What is required: Starting with the line that holds "양말 남성 가을과 겨울", repeat each line through the last one below, exactly. Pictures stay out.

Supplied information:
************

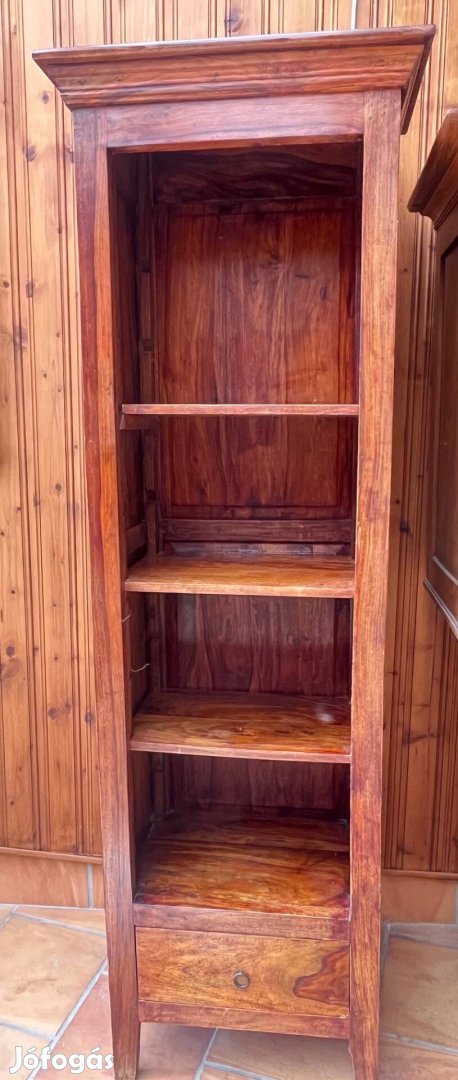 Ez egy tömör indiai rózsafából (sheesham) készült, fiókkal rendelkező polcos könyvszekrény.
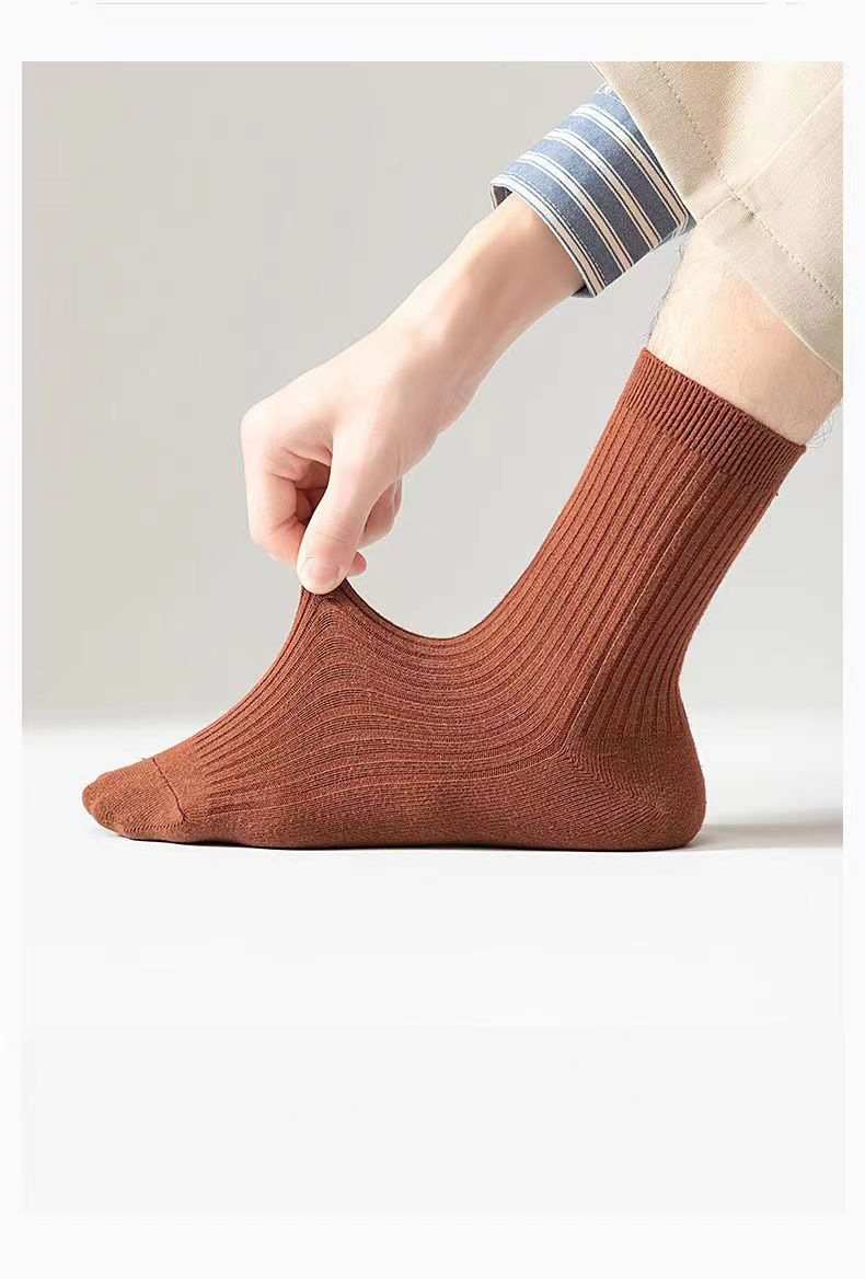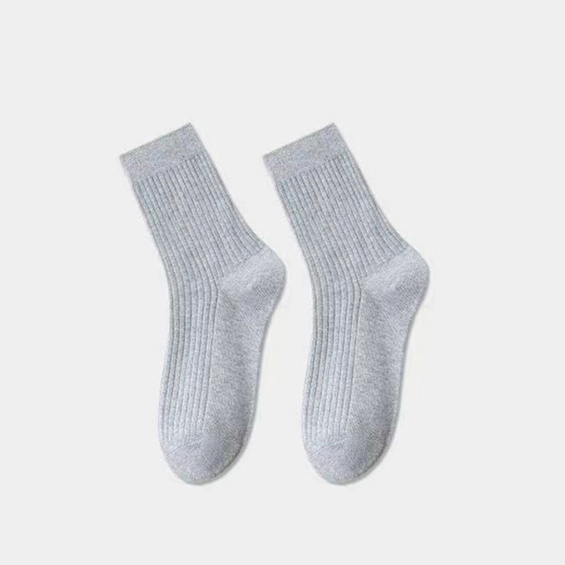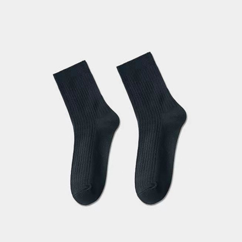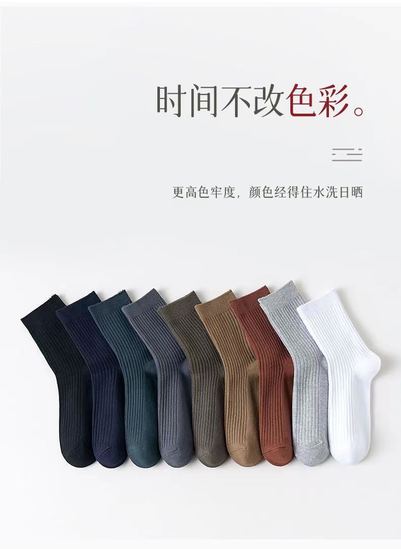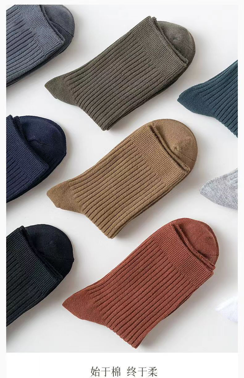 양말 남성 가을과 겨울 새로운 중간 종아리 길이 양말 단색 세로 줄무늬 더블 바늘 여성 양말 캐주얼 스타킹 남성과 여성의 통기성 면화 양말
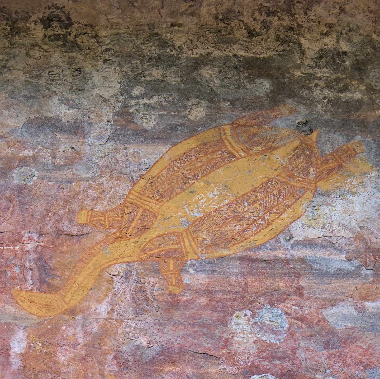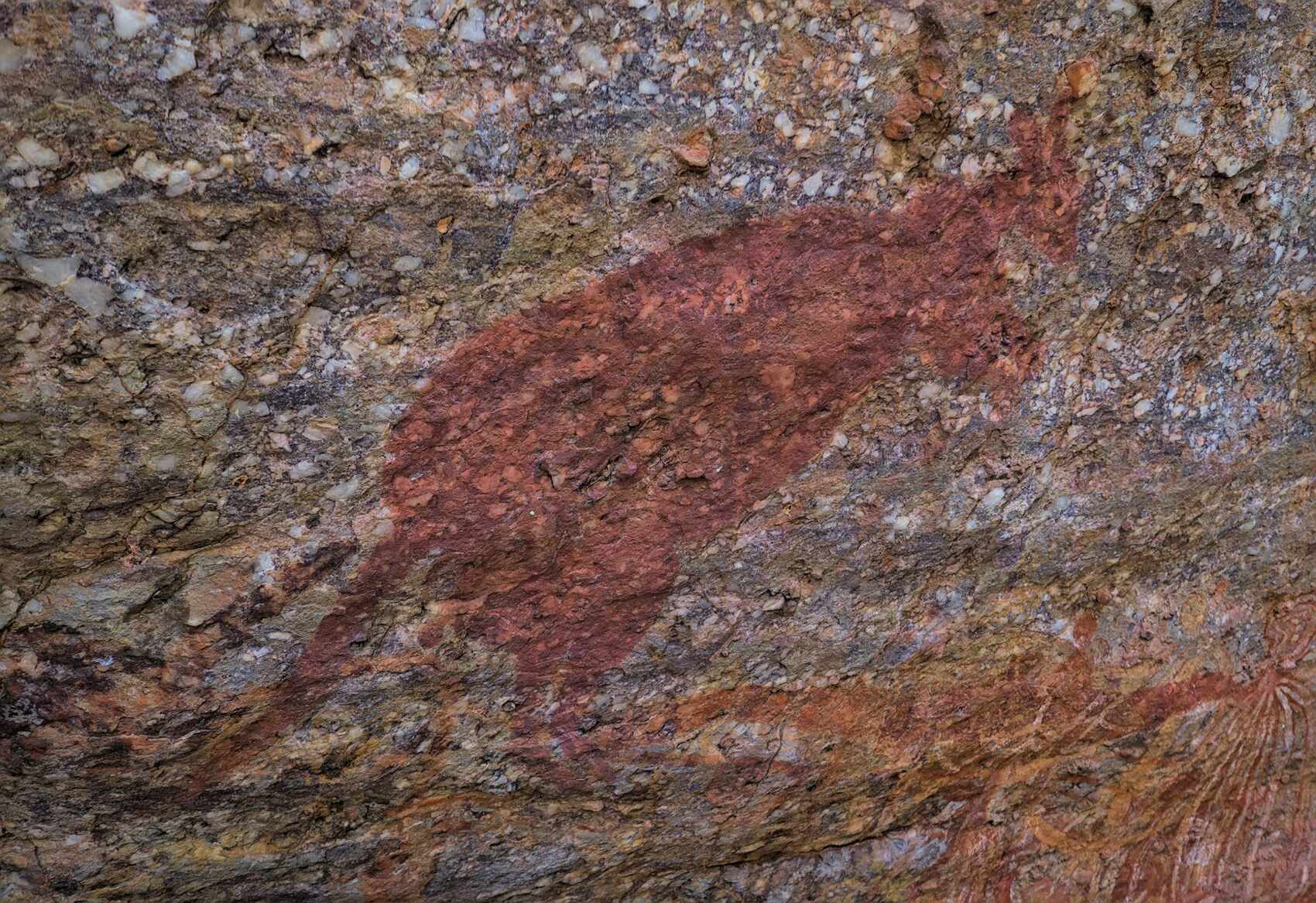 Auch am Fluss gibt es Felszeichnungen. Besonders schön sind die Kängurus.

************

Response below:
 양말 남성 가을과 겨울 새로운 중간 종아리 길이 양말 단색 세로 줄무늬 더블 바늘 여성 양말 캐주얼 스타킹 남성과 여성의 통기성 면화 양말
 Auch am Fluss gibt es Felszeichnungen. Besonders schön sind die Kängurus.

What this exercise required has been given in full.